Perceptions of the SOX Compliance Process and ICFR Reporting
In past years, Protiviti has asked respondents about their perceptions of the benefits of SOX. For example, last year 68 percent of respondents reported that, in their view, their organization’s internal control over financial reporting (ICFR) structure has “significantly” or “moderately” improved since an ICFR external audit became required.
This year, Protiviti appears to have taken a different approach by focusing on the extension of SOX compliance processes to non-financial data. Forty-one percent of respondents stated that, during 2021, their organization applied ICFR-type processes to human capital reporting; an additional 34 percent indicated that they planned to do so in the future. Similarly, 42 percent of respondent indicated that their organization had disclosed ESG metrics in 2021 and applied ICFR-type processes to that information, while an additional 38 percent said that planned to do so in the future.
Protiviti also asked about the corporate functions involved in SOX compliance.
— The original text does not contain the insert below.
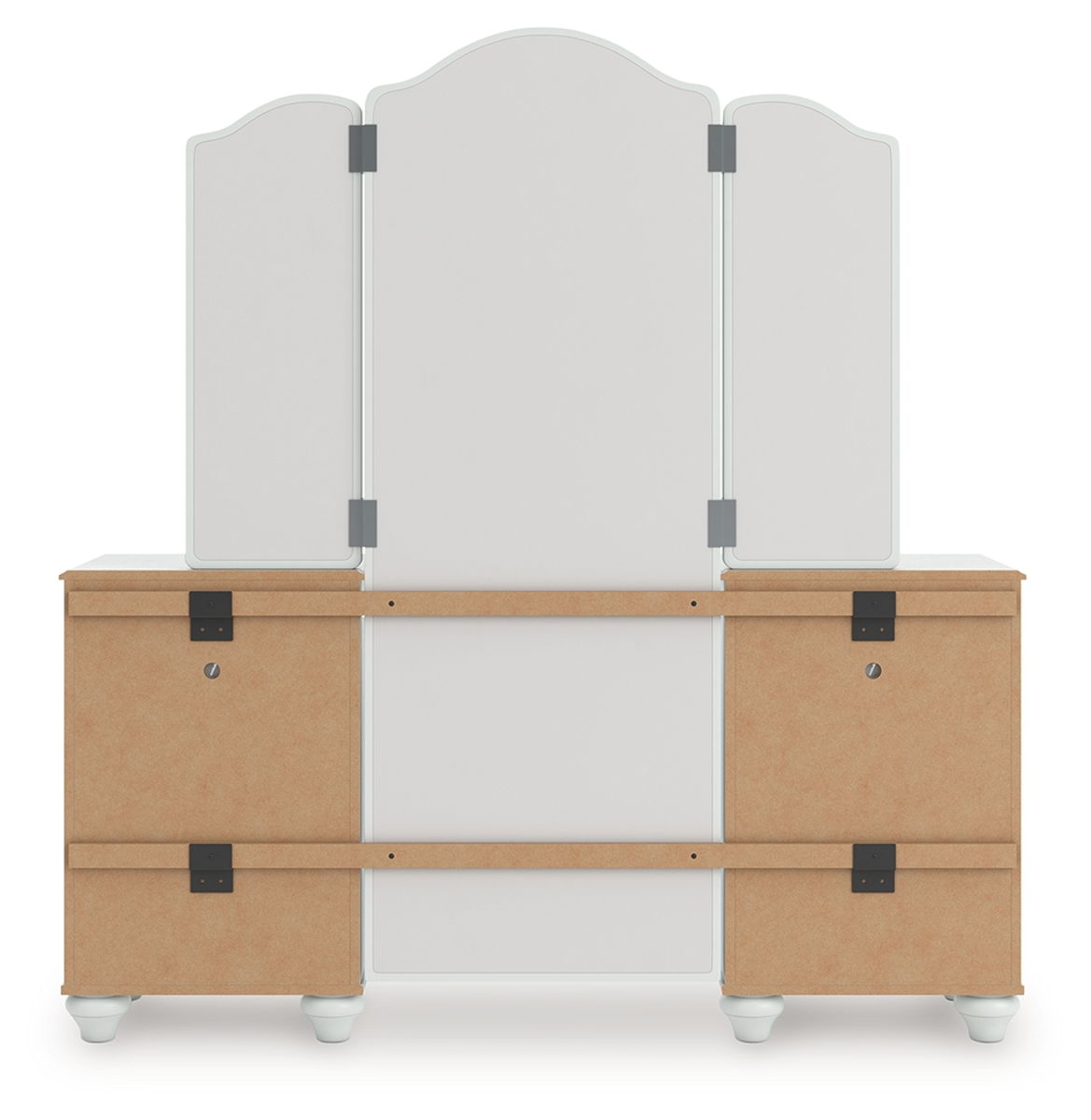 Fit for a princess. This vanity with mirror’s crisp matte white finish pairs with charming ornate beading details—perfect for your girly girl. The mirror’s ambient lighting adds a touch of romance, while the bun feet and crystal knobs on the cabinet are the crowning touches to make your little one feel like royalty.

Seventy-four percent of respondents said that internal audit engaged in SOX activities, down from 81 percent in 2021. Internal audit was also the organizational unit most frequently cited as supporting SOX testing. On average, internal audit was reported to have spent 58 percent of its time on SOX, up from 49 percent last year.
In terms of changes in SOX compliance programs during 2021, the three areas most frequently identified as having undergone either “extensive” or “substantial” changes were:
Additional testing to justify using the work of others (38 percent).
Challenging the credentials (objectivity and competency) of other performing testing (36 percent).
Increase in scope to baseline test more IT reports (35 percent).
Comment: SOX compliance costs continue to rise for most categories of companies, and the extension of SOX processes to additional reporting areas, such as human capital and ESG, is likely to exacerbate these cost increases. This is especially likely if the SEC adopts its climate change reporting proposals. The proposed financial statements disclosures relating to climate would have a significant impact on ICFR for most companies. See SEC Unveils its Climate Disclosure Proposals, March 2022 Update. In light of the SEC’s ambitious schedule for adoption and implementation of these rules (see SEC Rulemaking is in Hyperdrive: Spring 2022 Regulatory Agenda in this Update), managements and audit committees should already be considering how their controls would be affected.
Protiviti’s annual surveys have also documented the increasing use of technology in SOX compliance and the opportunities that automation affords for reductions (or at least slower increases) in compliance costs. As noted last year in Protiviti: Companies are Spending More Time and Money on SOX Compliance, above, audit committees may want to explore with management whether it is taking advantage of opportunities to automate compliance and, if not, why not.